Sonoma County Sheriff restricts cooperation between jail and ICE

In a compromise with a watchdog official who had criticized his policies, Sonoma County Sheriff Steve Freitas imposed new restrictions Monday on cooperation between local jail officials and federal immigration agents.

The jail will no longer cooperate with U.S. Immigration and Customs Enforcement officials in cases where undocumented immigrants are suspected of committing minor offenses, such as driving without a license.

However, the jail will continue to provide ICE with information about undocumented immigrants who are convicted of serious or violent felonies, as well as a number of other crimes listed in the 2013 Trust Act. That law, supported by immigrant rights groups, blocks county jails from holding inmates for immigration officials when they would otherwise be allowed to go free.

“We are trying to come to some type of mutual understanding and we are agreeing to go by the Trust Act,” said Sgt. Spencer Crum, a spokesman for the Sheriff’s Office.

The announcement comes one month after the county’s independent law enforcement auditor urged Freitas to limit federal immigration agents’ access to information about undocumented inmates at the jail.

“He has responded to the community and he is changing his policies and I think that is significant,” said Jerry Threet, director of the Independent Office of Law Enforcement Review and Outreach.
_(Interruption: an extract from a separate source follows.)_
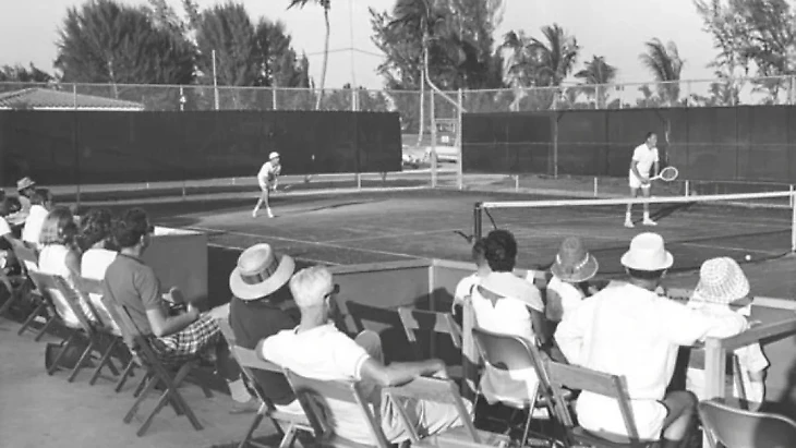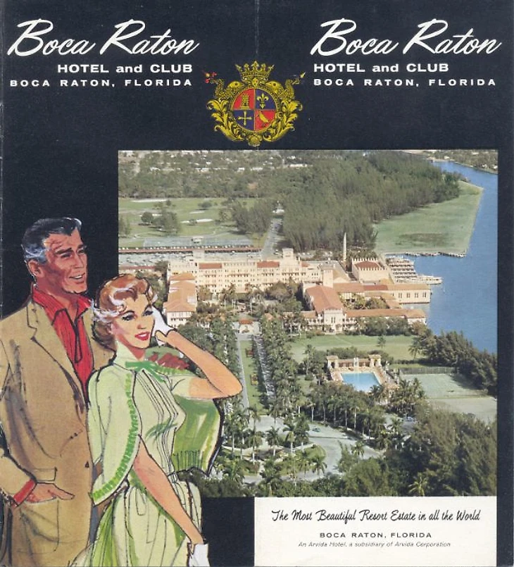 Первые два итоговых были, пожалуй, самыми скромными в плане организации, поскольку проводились на маленьких кортах без трибун в Бока-Ратоне. Город, который располагается во Флориде и даже сейчас не дотягивает до 100 тысяч населения, стал популярным курортом еще в 1920-х - как раз благодаря отелю Boca Raton Hotel & Club, где девушки потом и боролись за трофей вместе с $25 000 призовых. Такой вид открывался на него в середине 1960-х, как показано на брошюре.
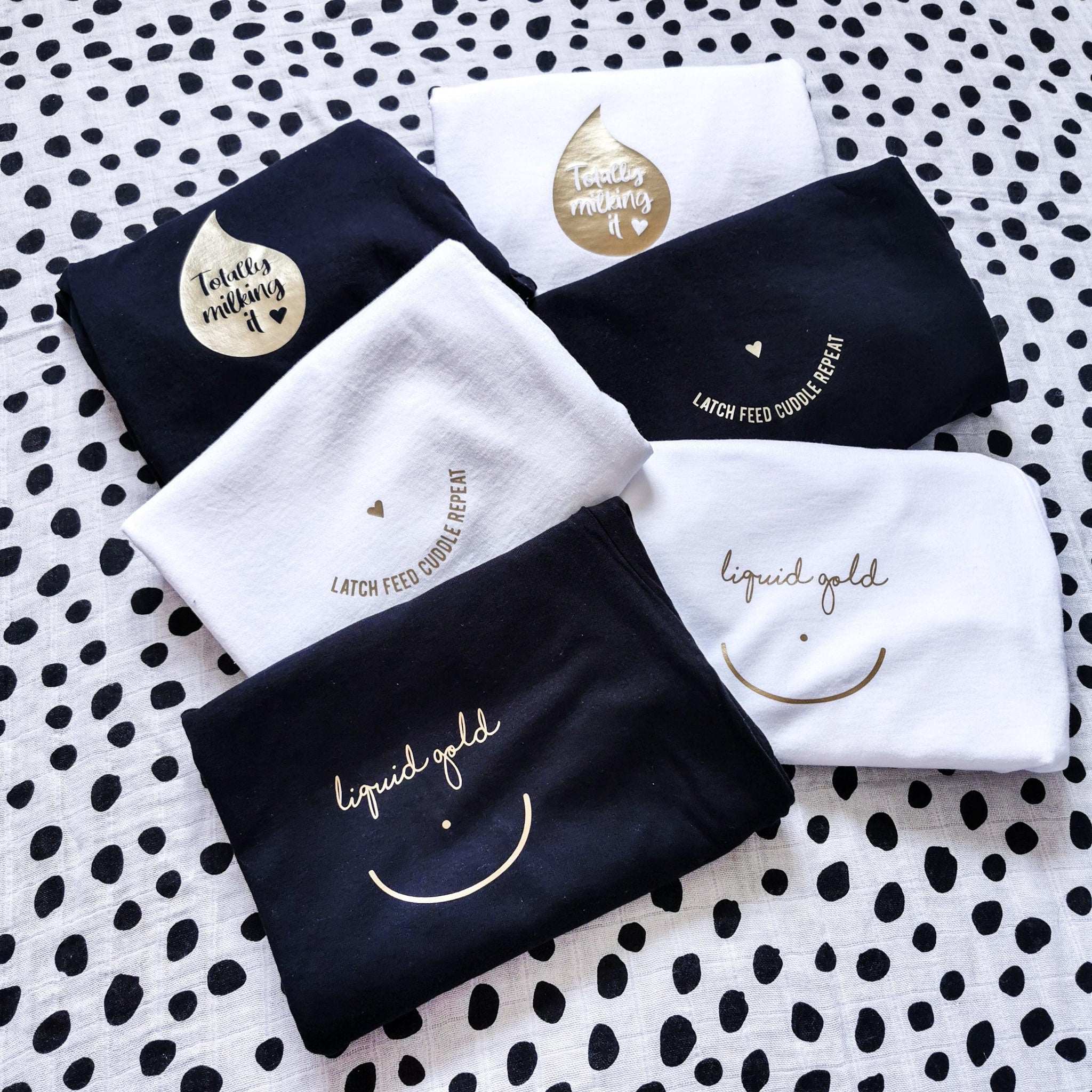 The fun, subtle breastfeeding slogans on the white or black T's are perfect for every day wear, tucked in jeans & rolled up sleeves, a must have addition to any breastfeeding Mamas wardrobe. The vinyl is purposefully gold to represent mamas liquid gold milk, it has a beautiful shine & it's a great way to support breastfeeding!

A 13-page report issued by Threet in March criticized the jail’s policy of complying with any request from federal immigration officials to be alerted before an inmate is released - including cases when a person is let out on bail or freed without ever having been charged with a crime. The policy, Threet said, undermined public safety by making people reluctant to report crimes or cooperate with law enforcement out of fear they may be deported.

Threet’s office recommended the Sheriff’s Office share information with ICE only in certain cases where an undocumented inmate is convicted of a serious or violent crime. Freitas, however, said the proposal inappropriately excluded several important crimes.

In a policy change he cast as a “reasonable compromise,” Freitas said he would now use the Trust Act to determine appropriate areas of communication with federal immigration agents.

Crum said the Trust Act calls on local jail officials to provide ICE with the release dates of undocumented inmates convicted of specific serious or violent crimes.

The list of crimes include felonies such as false imprisonment, human trafficking, elder abuse, child endangerment, extortion, spousal abuse and possession of an assault weapon, as well as misdemeanors such as indecent exposure, driving under the influence and brandishing a firearm.

“So if someone has not committed those crimes that are enumerated in the Trust Act, we will not be responding to an ICE notification request,” Crum said. “The Sheriff still believes that the best way to protect the public is to not release criminals back into the community.”

The announcement came the same day immigration advocates gathered in front of the jail to protest cooperation between jail officials and ICE.

Monday morning, several dozen activists from local liberal organizations dumped bags of ice in front of the Sonoma County Jail. They chanted over and over, “Fuera ICE,” or “Get out, ICE,” as they swept the melting chunks off the walkway between the jail and the county courthouse.

Richard Coshnear, a local immigration attorney who heads Comité VIDA, a volunteer immigrant rights organization, said Freitas was “taking a three-quarters step forward, which is great.” Coshnear said his group still objected to cooperation with ICE in cases that do not involve serious or violent crimes.

“We would object to splitting up families over any misdemeanor and, frankly, over nonviolent felonies,” Coshnear said.

But he welcomed the change.

“It shows that reasonable minds have come together over what public safety requires,” he said.

In his letter to Threet’s group, Freitas pointed out that future state laws, such as Senate Bill 54, known as the Values Act, could further limit local cooperation with ICE. The bill, which as been approved by the state Senate, is currently in the Assembly.